Anyone in the community is free to review the PR once the tests have passed.
If we didn't discuss your PR in Github issues there's a high chance it will not be merged.

blefaudeux · 2022-07-01T21:21:36Z

examples/cifar_MetaFormer.py


-from examples.microViT import Classifier, VisionTransformer


min/micro was a follow up from Karpathy's minGPT, does not really apply here, I figured that cifar_ViT was probably more transparent ?

blefaudeux · 2022-07-01T21:22:28Z

examples/cifar_MetaFormer.py

@@ -131,34 +146,16 @@ def forward(self, x):
    torch.cuda.manual_seed_all(42)
    torch.manual_seed(42)

-    train_transforms = transforms.Compose(


the lightning-bolt datamodule already does all that

blefaudeux · 2022-07-01T21:23:15Z

examples/cifar_ViT.py

@@ -205,33 +203,15 @@ def test_step(self, batch, _):
    NUM_WORKERS = 4
    GPUS = 1

-    train_transforms = transforms.Compose(


same as above, these are actually the default transforms in the lightning bolt datamodule, not useful

blefaudeux · 2022-07-01T21:23:39Z

tests/test_residual.py

    outputs = wrap(inputs=[x, x, x])

    assert id(outputs[0]) == id(outputs[1])
+
+    # Check the BW pass


better code cov, and good idea in any case I believe

blefaudeux · 2022-07-01T21:25:41Z

xformers/components/residual.py

@@ -18,7 +18,7 @@
 from collections import namedtuple


-class LayerNormStyle(str, Enum):
+class ResidualNormStyle(str, Enum):


some of the new transformer variants for vision (metaformer, efficientformer,..) alter the actual normalization, can be something else than layernorm.
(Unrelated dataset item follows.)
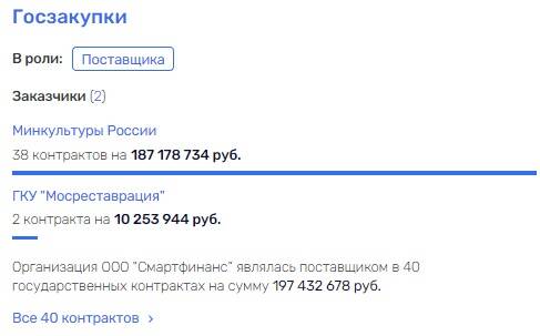 По итогам 2022 года у нее ни выручки, ни прибыли. В штате - один сотрудник при уставном капитале в 10 тыс. рублей. Зато у нее обнаружились госконтракты почти на 200 млн рублей. И 187 млн из них получены именно от Минкульта! К слову, и в те годы, когда она получала госконтракты, прибыль была мизерной 1-2 млн рублей. Куда девались деньги? Или финотчетность там просто рисовали?

RMSnorm is also used in NLP

blefaudeux · 2022-07-01T21:26:39Z

xformers/components/residual.py

+class NormalizationType(str, Enum):
+    LayerNorm = "layernorm"
+    Skip = "skip"
+    # TODO: BatchNorm = "batchnorm"


this is probably to be done in another PR, requires deferred init or some clever way to get the embedding size at that point, so for now just handle the "no normalization" path

dianaml0

LGTM!

dianaml0 · 2022-07-05T16:25:12Z

xformers/factory/block_configs.py

@@ -190,6 +195,7 @@ def __init__(
        multi_head_config_cross: Dict[str, Any],
        position_encoding_config: Optional[Dict[str, Any]] = None,
        layer_norm_style: str = "post",


Might the distinction between the two variable names be confusing? layer_norm_style and normalization

ahh good point, you're right, it's more of a "residual path style" I think. Do you think I can rename that ? It would break all the existing configs, it's a user facing change unfortunately

Ah true, may not be great to break. I guess if the difference is well documented should be okay?

we can also catch the name for some time and fix it with a warning, then remove this failsafe in a few releases ?

Sorry missed this comment, that sounds good!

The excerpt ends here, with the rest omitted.